The limitations are a very good thing! Without them health care would be utterly destroyed. The problem is that most mental health treatment consists of someone with half a clue giving their time and attention to the patient, a service with virtually unlimited demand. Worse, the diagnostic criteria are so fuzzy that it is nearly impossible to prove that a formerly-ill person has gotten enough better to stop treatment, meaning that a crappy or dishonest treater can milk the insurance company for money indefinitely. Even worse, there are unscrupulous treaters who will actually make their patients worse to make them permanent cash cows.
The insurance companies learned this the hard way by having expenditures grow without apparent limit. If things like loneliness could be fixed as swiftly and surely as a broken bone, they would line up to advertise the best coverage.
"Under this absurd standard, can insurers refuse to pay for treatment of depression?"
They can and do. Specialist treatment is either unreimbursed, or only reimbursed up to a yearly limit.

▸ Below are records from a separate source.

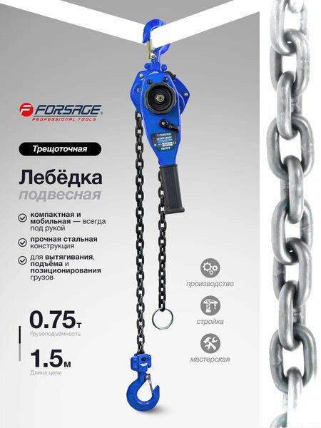 Лебедка подвесная трещоточная 0.75 т. от бренда FORSAGE. Такие лебедки ещё принято называть "таль" — подвесное грузоподъёмное устройство с механическим приводом, состоящее из подвижного и неподвижного блоков и проходящего через их шкивы троса или металлической цепи. Изготовлена из углеродистой стали, обладает долговечностью и надежностью. Лебедка мобильная - легко носить с собой благодаря простой конструкции и небольшим размерам. Цепь крепкая и надежная, запас прочности на разрыв 4:1. Устойчива к коррозии и износу - имеет длительный срок службы. Тормоз премиум-класса обеспечит вашу безопасность во время работы. Механизм тали установлен на прочные стальные пластины и закрыт защитным корпусом - прочная и надежная стальная конструкция. Крюки и элементы подвески имеют 4-х кратный запас прочности и предохранительную защелку. Они могут вращаться на 360 градусов без ограничений, что упрощает работу. Рукоятка имеет нескользящее резиновое покрытие с текстурой, что упрощает эксплуатацию рычажной тали. Характеристики: грузоподъемность 0.75 тонны, длинна троса 1.5 метра, вид - цепная, тип подвески - стационарная. Такие лебедки применимы в автомобильной сфере, строительстве и других областях для перемещения груза. Идеально подходит для портативного использования в мастерских, гаражах, на заводах, складах и др. Лебедкой экономит силу и время, с ней Вам будет очень легко работать.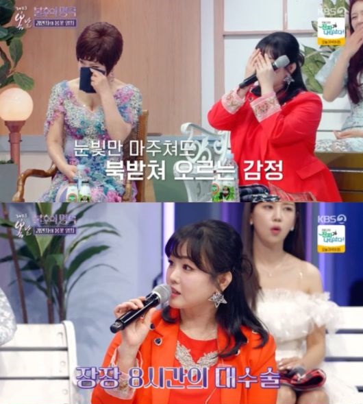 이에 김연자는 “오로지 사랑하는 가족과 노래, 팬들을 위해 얼마나 열심히 병마와 싸웠겠냐. 너무 훌륭하고 존경한다”는 말로 정미애를 칭찬했다. 정미애는 이번 무대에서 팬들에게 자신의 음악을 선보이며 눈길을 끌었다.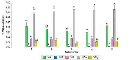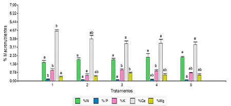 En el segundo año de estudio los contenidos de N fueron bajos (2,3-2,5 %) en los tratamientos 3 y 4, óptimos (2,51-2,80 %) en el tratamiento 2 y en exceso (˃3 %) en los tratamientos 1 y 5. Solo se ve diferencia significativa entre el tratamiento 4 y 5. Los niveles de P se encontraron entre valores bajos (0,10-0,12 %) a óptimos (0,13-0,16 %), el K entre niveles óptimos (0,71-1 %) a altos (˃1,30 %) y el Ca en niveles altos (5,10-6,50 %) sin diferencias significativas entre tratamientos, mientras que el Mg presentó valores altos (0,46-9 %), diferenciándose el tratamiento 1 del 2 y 5 (Figura 2).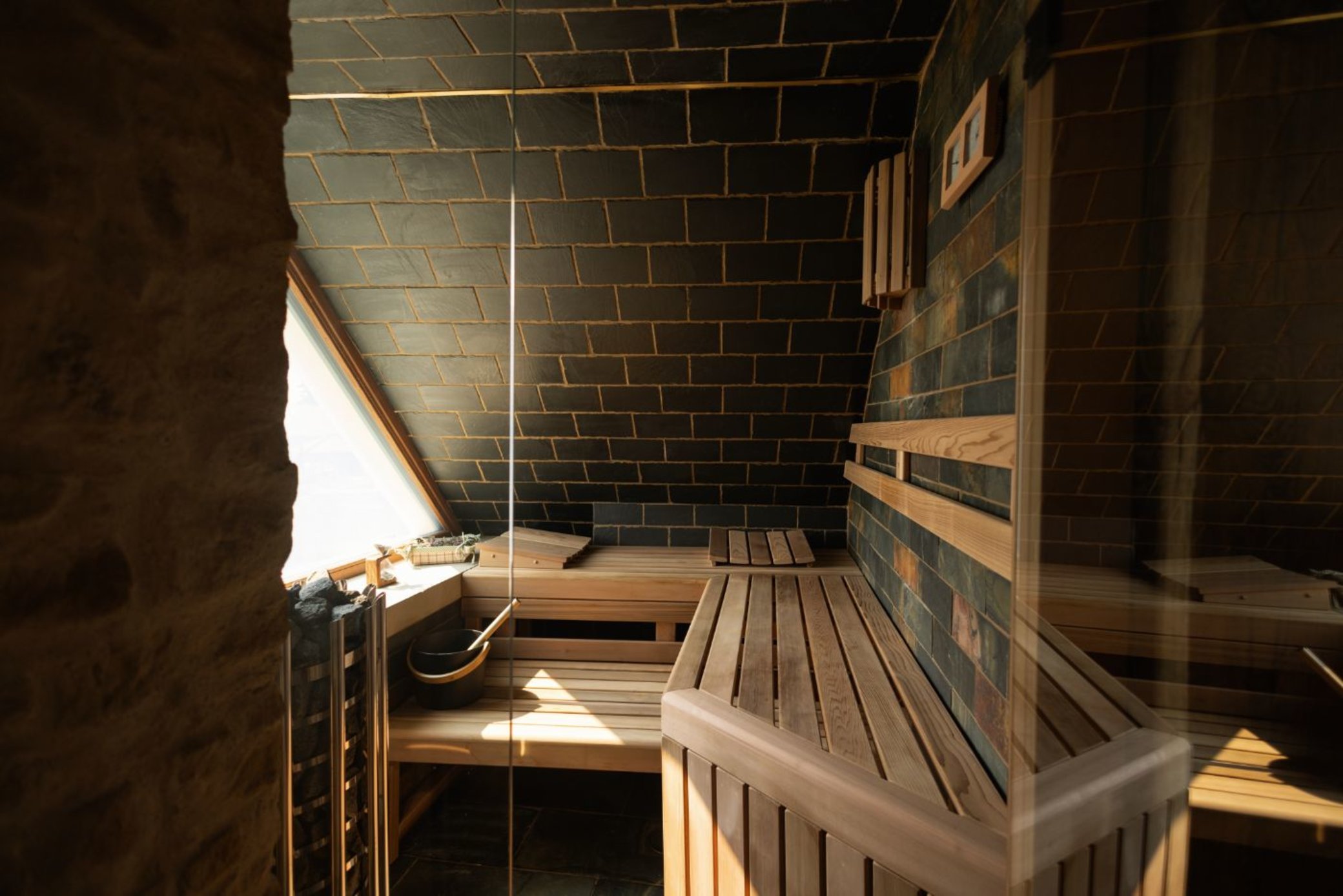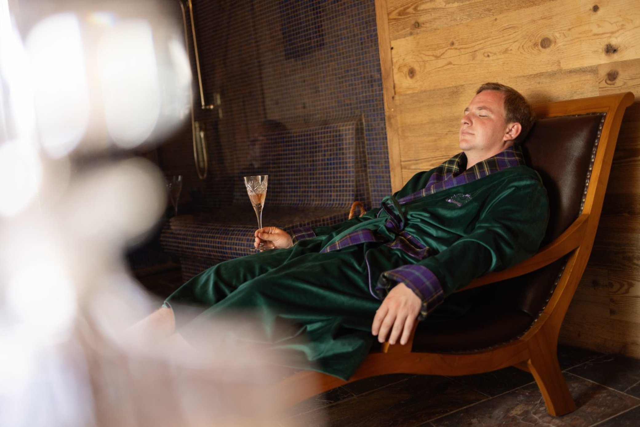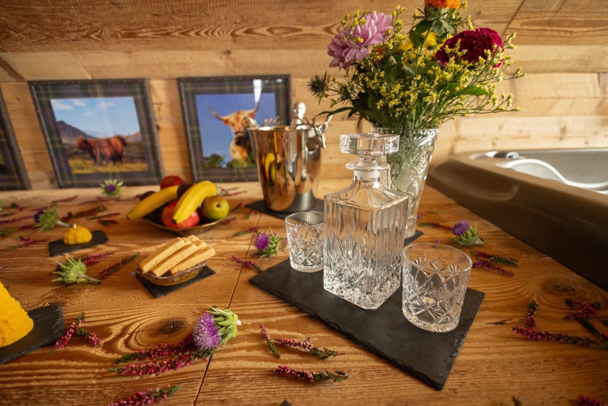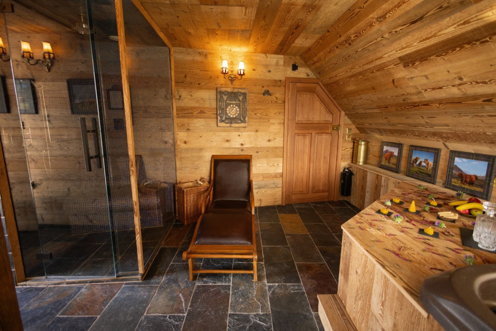 Po příchodu vás čeká krátké seznámení s prostorem privátního wellness a poté už je vše jen na vás, za zavřenými dveřmi. Prohřejete tělo ve finské i parní sauně, ponoříte se do vířivé vany s výhledem na pastviny a necháte se unášet atmosférou otevřeného krbu, jehož plameny můžete pozorovat z vířivky i obou saun. Kdykoli můžete vyjít na venkovní terasu a vychutnat si ticho, vůni vřesovců a zvuky skotského venkova, případně si odpočinout v ložnici.

Posted by: Daniel Newby | March 20, 2008 3:48 PM
I'm confused...
It seems to me that this NJ law is trying to separate Axis I and Axis II conditions.
Pay for the former, not the latter....
I'm not sure they got it "right" in your specific example, I'm not sure the principle is so "wrong".
or am I missing something?
Posted by: Ian | March 20, 2008 6:50 PM
The fact is that, with the exception of a leading edge of scientists, our society has not learned or accepted the fact that our minds ARE our brains, that there is not a fundamental distinction between a psychological and a biological condition. Both the coverage plans and the laws that we are stuck with for now are simply a reflection of this state of understanding, and I don't think it's fair to call anyone corrupt because of it. There is a deep seeded ignorance about this issue that extends far beyond the health care and political institutions that create these policies. And for the reasons that Daniel Newby (comment #3) gives, it is simply impractical to force health insurance companies to cover illnesses like depression in the same way they cover broken bones...currently available treatments are far too expensive and not nearly effective enough to justify it...not if we want health insurance to continue to exist to cover things that CAN be reasonably treated.